A pleasant side-effect of this design is the git packs of older epochs are stable,
allowing them to be cloned without requiring expensive pack generation. This also allows
clients to clone only the epochs they are interested in to save bandwidth and storage.

To minimize changes to existing v1-based code and simplify our code, we use the
"alternates" mechanism described in gitrepository-layout(5) to link all the epoch
repositories with a single read-only "all.git" endpoint.

Processes retrieve blobs via the "all.git" repository, while writers write blobs directly
to epochs.

GIT TREE LAYOUT
One key problem specific to v1 was large trees were frequently a performance problem as
name lookups are expensive and there were limited deltafication opportunities with
unpredictable file names. As a result, all Xapian-enabled installations retrieve blob
object_ids directly in v1, bypassing tree lookups.

While dividing git repositories into epochs caps the growth of trees, worst-case tree size
was still unnecessary overhead and worth eliminating.

So in contrast to the big trees of v1, the v2 git tree contains only a single file at the
top-level of the tree, either 'm' (for 'mail' or 'message') or 'd' (for deleted). A tree
does not have 'm' and 'd' at the same time.

Mail is still stored in blobs (instead of inline with the commit object) as we still need
a stable reference in the indices in case commit history is rewritten to comply with legal
requirements.

After-the-fact invocations of public-inbox-index will ignore messages written to 'd' after
they are written to 'm'.

Deltafication is not significantly improved over v1, but overall storage for trees is made
as as small as possible.

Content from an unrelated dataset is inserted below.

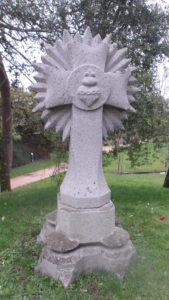 Là, ayant une bonne avance, je prends l’option du PR qui grimpe à la Chapelle Saint Dourien, d’abord avec une pente moyenne de 15% pour culminer à 72 m puis redecend doucement jusqu’à la chapelle, le tout par un chemin harmonieux, fort tranquille en milieu boisé aéré.

Initial statistics and benchmarks showing the benefits of this
approach are documented at:

<https://public-inbox.org/meta/20180209205140.GA11047@dcvr/>

XAPIAN SHARDS
Another second scalability problem in v1 was the inability to utilize multiple CPU cores
for Xapian indexing. This is addressed by using shards in Xapian to perform import
indexing in parallel.

As with git alternates, Xapian natively supports a read-only interface which transparently
abstracts away the knowledge of multiple shards. This allows us to simplify our read-only
code paths.

The performance of the storage device is now the bottleneck on larger multi-core systems.
In our experience, performance is improved with high-quality and high-quantity solid-state
storage. Issuing TRIM commands with fstrim(8) was necessary to maintain consistent
performance while developing this feature.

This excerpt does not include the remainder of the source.